Know your learning style. Are you frustrated because you learn by hearing and seeing? Maybe you learn from hands-on activities. Or perhaps you learn from reading and writing about the subject; if so, you are in luck because online is a lot of reading and writing. But don’t despair if you’re an auditory or visual learner. You can’t control the method that the instructor uses to deliver the course information, but you can control what you do. For example, if you’re an auditory learner, call a peer to discuss some of the content from the week. If you’re a visual learner, draw a picture of the content that you are learning. If hands-on learning is your preferred style, engage in a role-play scenario with a peer of what the patient says and what the nurse does. This is an opportunity to be creative in a way that makes the information come to life for you.
Reach out to peers. Students often create their own social support network to connect with their peers outside of class. Sometimes the social network is a forum to complain about a class and/or instructor. Now is not the time to use your energy on complaining. It is a tough time for everyone. There is already enough stress, anxiety, uncertainty, and change occurring that keeps people on edge. Rather, focus on supporting each other. For example, say to your peer who is struggling to organize that you hear them and ask if you may help with some ideas.

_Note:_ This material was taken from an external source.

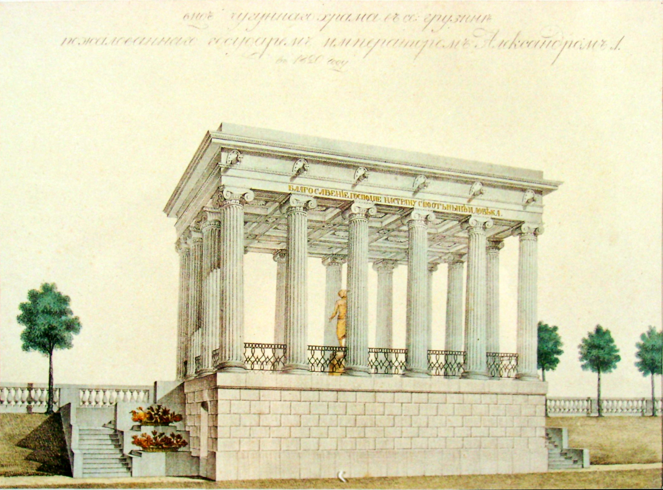 Вид чугунного храма в селе Грузине, пожалованного государем императором Александром I в 1820-м году

In addition, consulting with your peers is a great way to keep up with what is due each week in each class and make sure that you did not miss something. Social support (what you give to each other) is necessary for any endeavor in life. Having peers who have your back brings confidence and the belief that I can do this!
Take care of yourself. Begin by simply noticing what you are feeling. Whatever you are feeling is OK and does not need judgment, just acknowledgement. If you’re feeling anxious, try some deep breaths by counting to four in your mind as you inhale and count to four as you exhale. This helps to center yourself, connect to yourself, and be present in the moment.

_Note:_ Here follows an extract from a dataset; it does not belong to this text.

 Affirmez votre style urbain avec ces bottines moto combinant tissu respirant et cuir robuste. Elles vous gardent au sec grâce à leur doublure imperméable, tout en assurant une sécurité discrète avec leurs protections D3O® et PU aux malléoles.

This change in course delivery is stressful and is compounded by the stress related to COVID-19—all the news updates, restrictions, increase in cases, and deaths. The nature of the situation keeps an energy of tension, apprehension, and anxiety in the air. One strategy for self-care is to limit your intake of news and updates. Another idea is to take breaks when working on your course work. If you feel yourself getting anxious or restless, take a break. Suggestions to give your mind and body a break are to play with an animal, go outside and listen to the sounds of nature, or make a bite to eat and focus on tasting each bite in your mouth. A break is necessary to re-group; this is a great self-care activity.
Adjusting to a new rhythm
All aspects of life have changed unexpectedly and quickly, including shifting from face-to-face course delivery to an online delivery method. A few strategies can help you adjust. Nursing students like you are in the process of creating a new rhythm to their lives. Remember: Your body is counting on you, so be good to yourself!
Susan M. Rugari is a professor in the school of nursing at Tarleton State University in Stephenville, Texas.